To the People of the Shining Mountains, Utes, their horses were partners and accomplices in the enjoyment of life. Other than family, nothing was more important to them. The same could be said for all of the mounted Native Americans. What happened to their horses?

According to available records, just after Nathan Meeker arrived at the White River Indian Agency in 1878, there were 890 Utes of the White River band who owned at least 3,000 horses. More or less. It was difficult to get a solid count as that many horses were strung out over a very large area. That same year, the neighboring Uintah Utes of northeastern Utah had a herd of 876 horses.
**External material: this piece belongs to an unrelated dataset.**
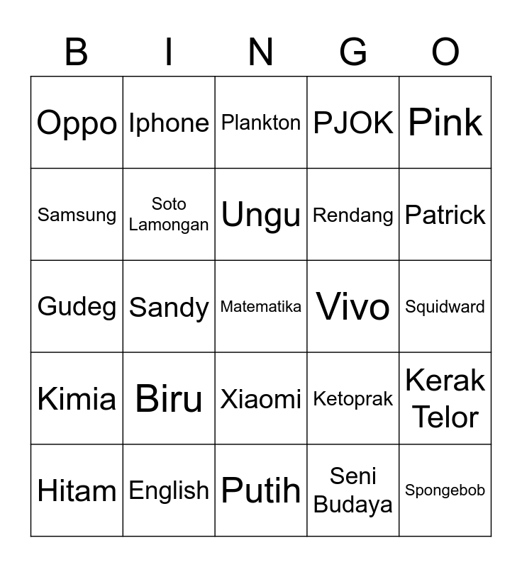 This bingo card has 25 words: Biru, Putih, Ungu, Hitam, Pink, Oppo, Samsung, Iphone, Vivo, Xiaomi, Rendang, Gudeg, Ketoprak, Kerak Telor, Soto Lamongan, Spongebob, Squidward, Plankton, Patrick, Sandy, Matematika, English, Kimia, PJOK and Seni Budaya.

Any way you cut it, that’s a lot of horses, nearly 4,000.

After the Meeker Incident of 1879 — during which 10 White River Agency employee were killed, including the agent, Nathan Meeker — and Major Thornburgh of the US Cavalry and 13 of his men being killed in a nearby standoff with the Utes, the sad public relations outcome was the call of nervous Coloradoans to “Get Rid of the Utes.” Extermination was the underlying theme.



By 1882, once the White River band was removed from Colorado and forced to share reservation space in Utah with the Uintahs, their collective horse herd numbered about 2,500 to 3,000. What happened to the rest of them? The Uintah, already living on the reservation, likely didn’t lose any horses, so the population decrease was within the White River band.

“We believe the army killed many of them,” said Jonas Grant, Sr., nephew of Ouray and son of Canalla and She-towitch, Ouray’s daughter. Is this possible?




Accounts of White River Utes marching to the Utah reservation have many of them doing so on foot. These proud warriors and respected horse people weren’t accustomed to moving their camps on foot. The Army had certainly confiscated many of their horses, plus the Utes likely didn’t have time to round up all of their large herd before the government began the march to Utah.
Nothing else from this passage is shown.